Once the assembly tool 20 is erected, as shown in FIG. 6, it is used to assemble the explosive matrix, with the side protrusions 23 being used to hold the detonating cord 2 in place on the assembly tool. The technician should weave the detonating cord on the tool as shown in FIG. 1. A tail 5a should be allowed before starting the weave. The weave should be completed with two tails 5a and 5b at the starting point. The technician should secure the detonating cord tails 5a and 5b to the first weaving posts so that the tails stay in place. Either knots or cable ties may be used to secure the tails.

It is preferred for straight portions of detonating cord to be paired, so that each straight portion (or all but one) abuts another straight portion of detonating cord, leaving about two inches between pairs of parallel straight portions of detonating cord.

Once the weave is complete, cable ties 10 are placed along the four outermost straight portions of detonating cord to secure those straight portions to the straight portions of cord that intersect orthogonally. This secures the detonating cord matrix into the desired 90 degree angles. Except in the case of the last two rows, each cable tie 10 secures together four straight portions of detonating cord (two from one direction and two from the other direction). The last two rows will have three straight portions of detonating cord secured by each cable tie 10. Once all the outer edges have been cable tied, the technician may, at his option, either cable tie the other intersections or tape the middle.

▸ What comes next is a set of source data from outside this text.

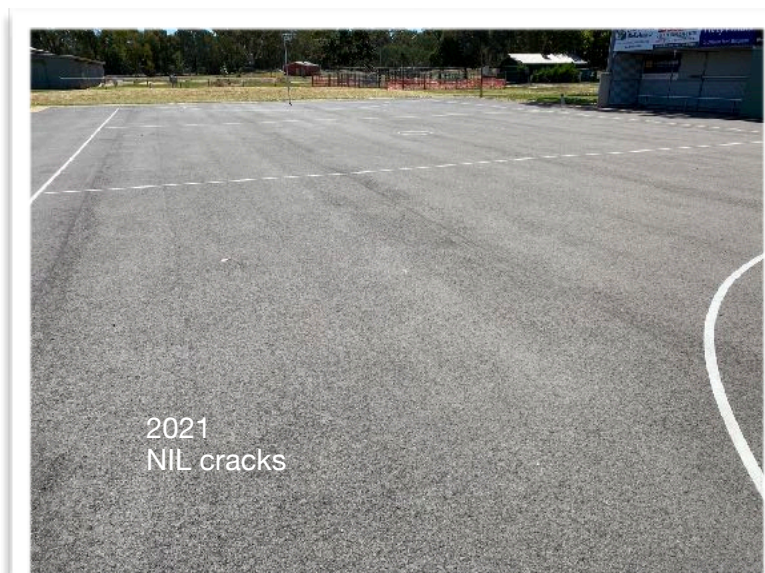
2021 NIL cracks
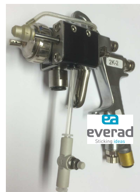
Concept of the co-spraying of both components Everad® TAC 2014 A + TAC 2013 B
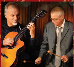
THE BURCHFIELD BROTHERS
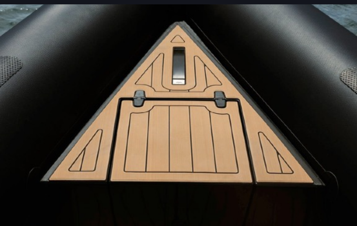
EVA Foam Floor
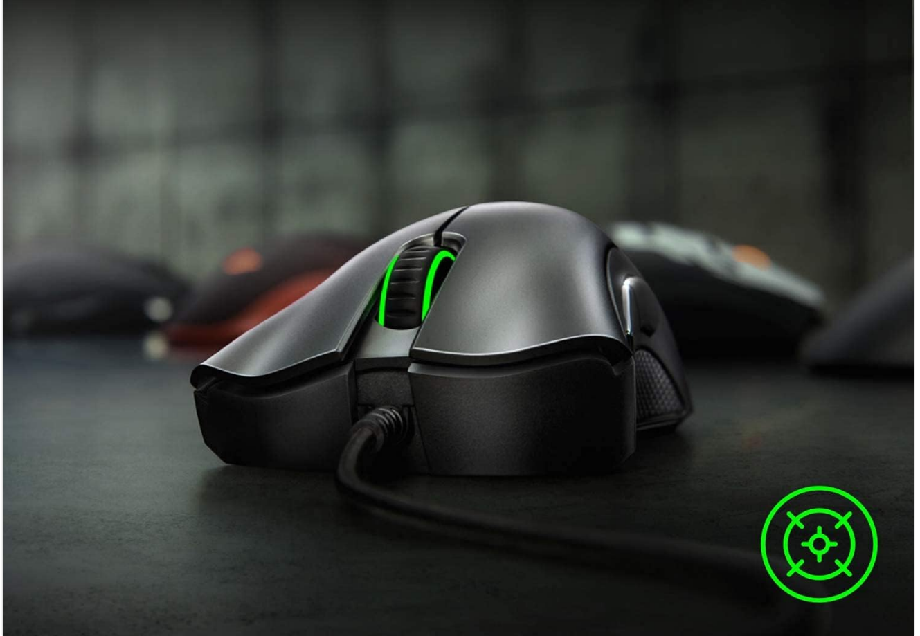
Figure 2: 6,400 DPI Optical Sensor for Gaming Precision

Allows fast and precise mouse swipes that offer greater control for the most essential gaming needs

Alternatives to the use of cable ties in the claimed invention include cord, tape, shrink wrap, or some combination or sub-combination of the three. However, cable ties are preferred due to the speed with which they can be applied, their cost, and their ready availability.

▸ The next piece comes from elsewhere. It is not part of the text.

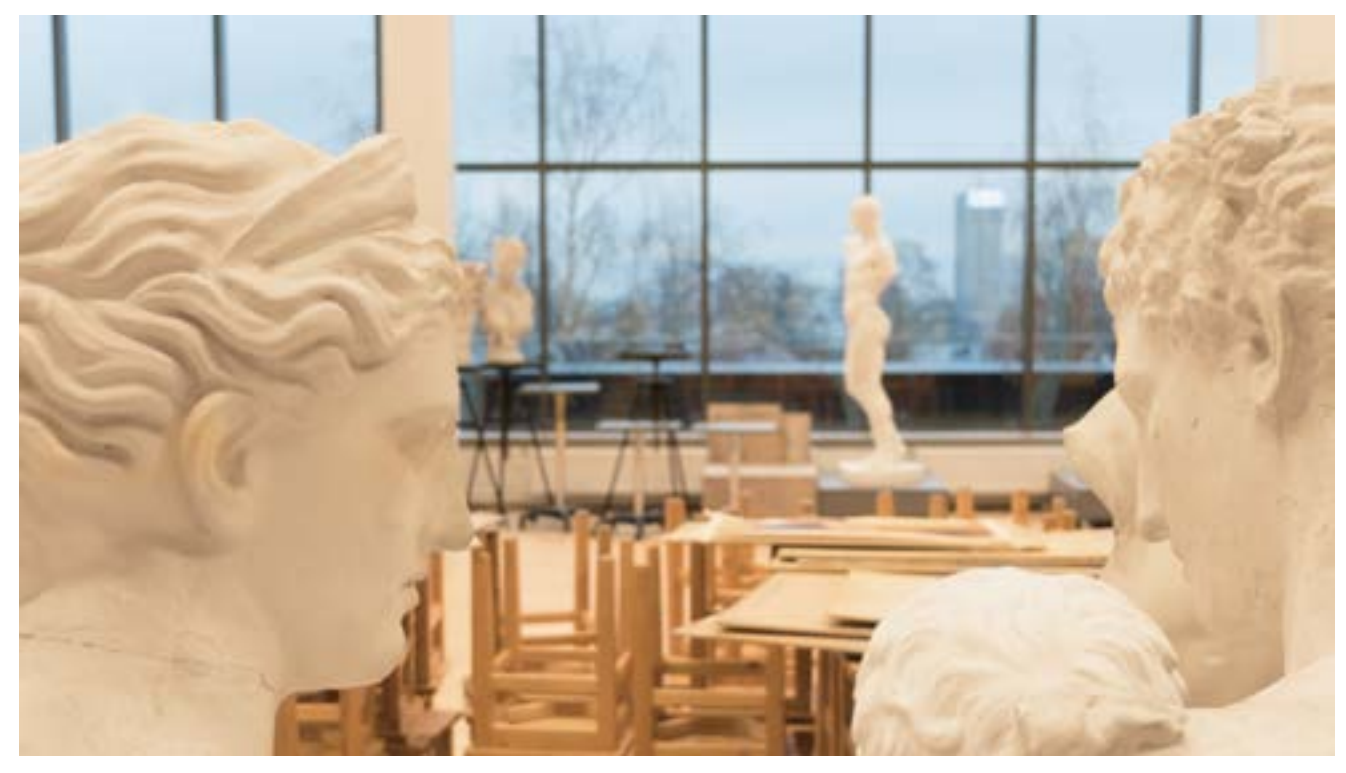
Drawing Room at the RTU Faculty of Architecture and Urban Planning

Once the matrix assembly 1 is complete, the technician should remove the assembly tool fasteners 22 in order to loosen the assembly tool 20, so that the matrix assembly 1 may slide off the assembly tool. If the area 13 to be used exceeds the area of a single matrix, a sufficient number of explosive matrix assemblies will be made and secured to one another by additional cable ties 11 to cover the entire area.

The explosive matrix assembly 1 is then placed over the explosive to be countered 12, as shown in FIG. 4. An initiator 6 is attached to the free ends of the tails 5a and 5b, as shown in FIGS. 1, 2, and 3. The explosive matrix may then be detonated by the explosive initiator 6. The overpressure wave may either destroy the target explosive directly, or it may cause a sympathetic detonation in the target explosive.